Sexism plagues major chemistry conference: Boycott emerges amid growing outrage - donretag
http://www.salon.com/2014/02/20/sexism_plagues_major_chemistry_conference_boycott_emerges_amid_growing_outrage/
======
streptomycin
_Notably, there are only four female scientists among the 110 living members
of IAQMS, which elects new candidates by internal vote. Ten out of 102 talks
during the previous three conference were given by women, and only two female
chemists have been awarded medals over the past decade, according to the
instigators of the boycott._

 _“These numbers do not reflect the proportion of women active in the field,”
said Gagliardi, who is a professor at the University of Minnesota. “Some 50
years ago the gender distribution in Quantum Molecular Sciences may have been
so skewed, but nowadays things have changed.”_

 _To illustrate the point, Krylov maintains the Women in Theoretical Chemistry
web-directory, listing “more than 300 female scientists holding tenured and
tenure track academic positions or equivalent positions in industry and other
research establishments pursuing research in theoretical and computational
chemistry, biochemistry, material science, as well as theoretical molecular
/atomic physics and biophysics.”_

That doesn't illustrate the point unless you compare that 300 against the
number of male scientists. If there are 3000+ male scientists in the field,
then it's not crazy that only 5-10% of the members/talks are given by women.
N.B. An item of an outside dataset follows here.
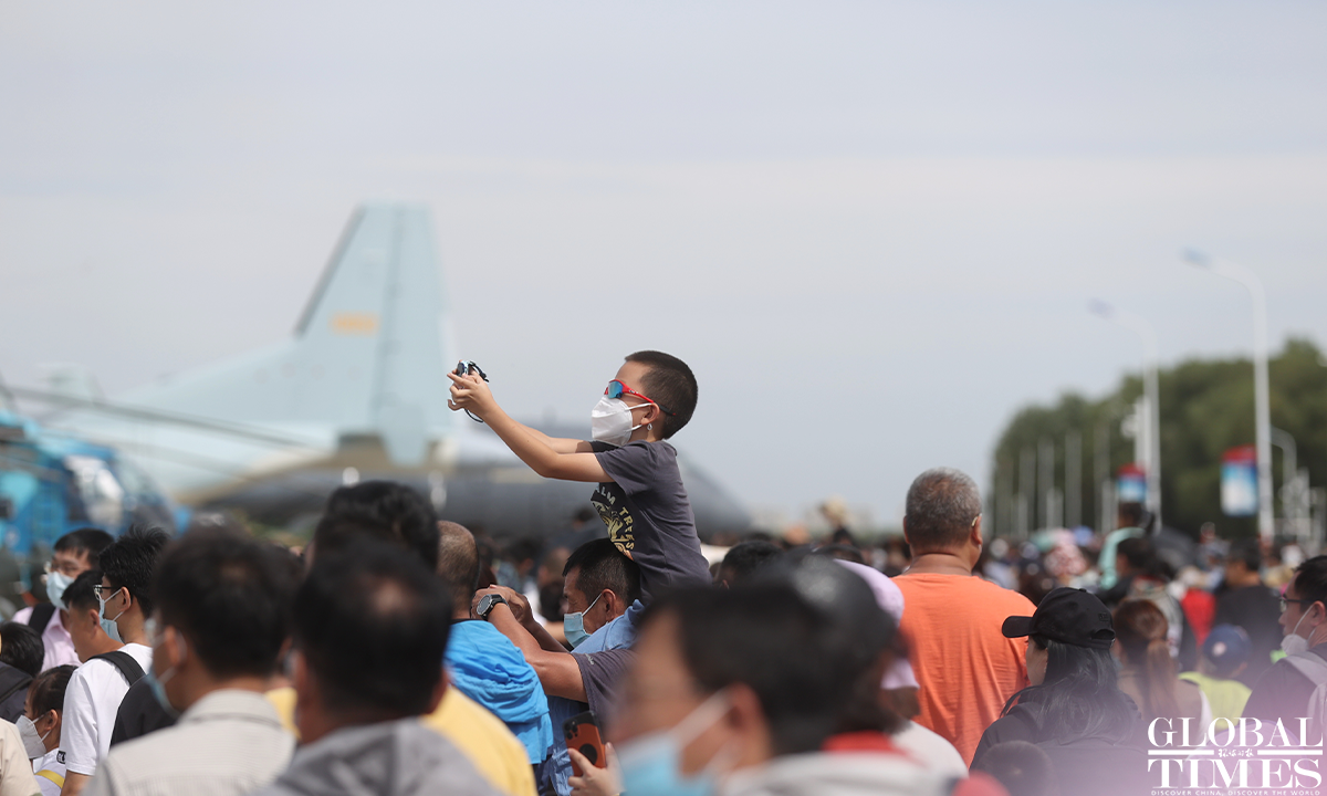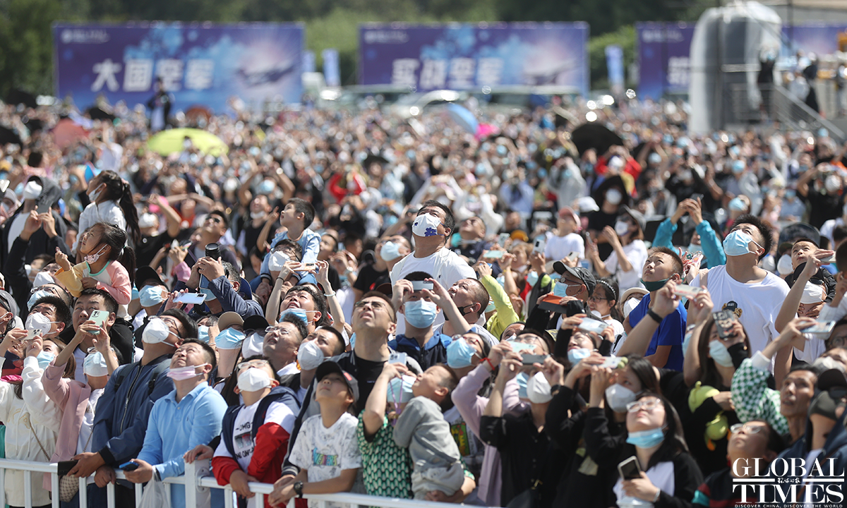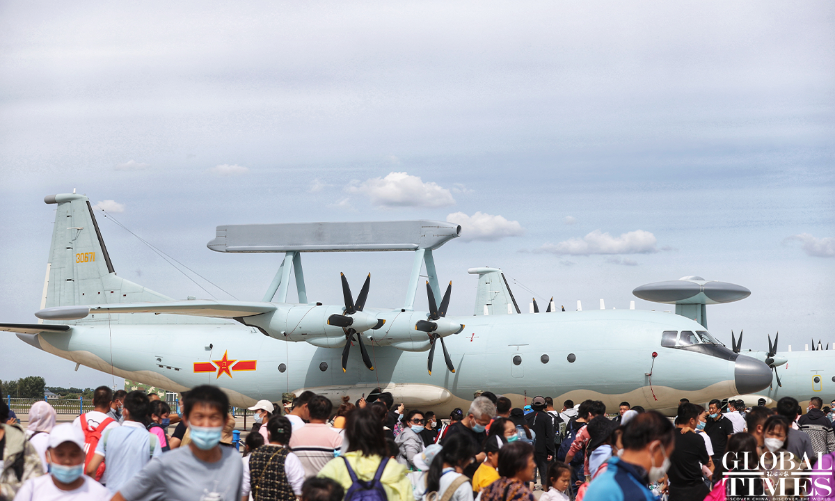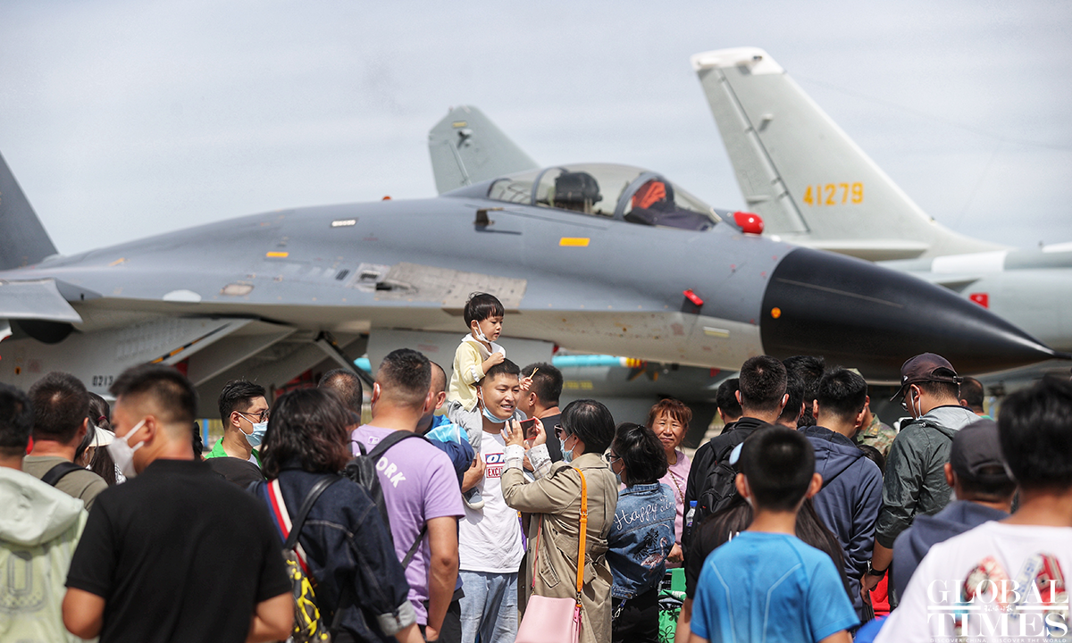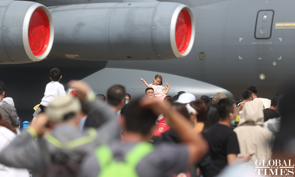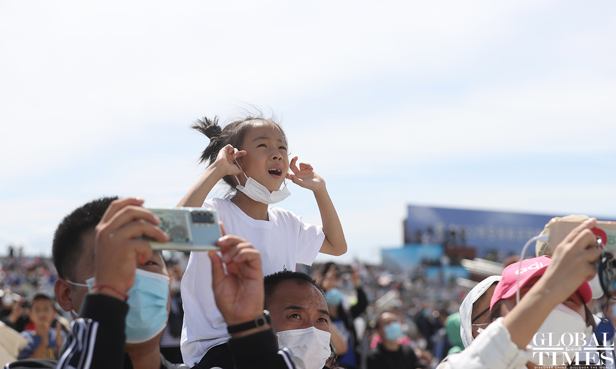 About 140,000 spectators gathered at Dafangshen Airport in Changchun for the PLA Air Force open day event on Sun. The audience was mesmerized by the flight performances of various types of aircraft and the display of star jets including YU-20, H-6, J-10C and KJ-500. Photo: Cui Meng figcaption >

300 women is undoubtedly just a drop in the bucket compared to everyone
working in "theoretical and computational chemistry, biochemistry, material
science, as well as theoretical molecular/atomic physics and biophysics", a
ridiculously broad set of topics spanning multiple large departments at every
major university (most of which have little business at a quantum chemistry
conference, of course).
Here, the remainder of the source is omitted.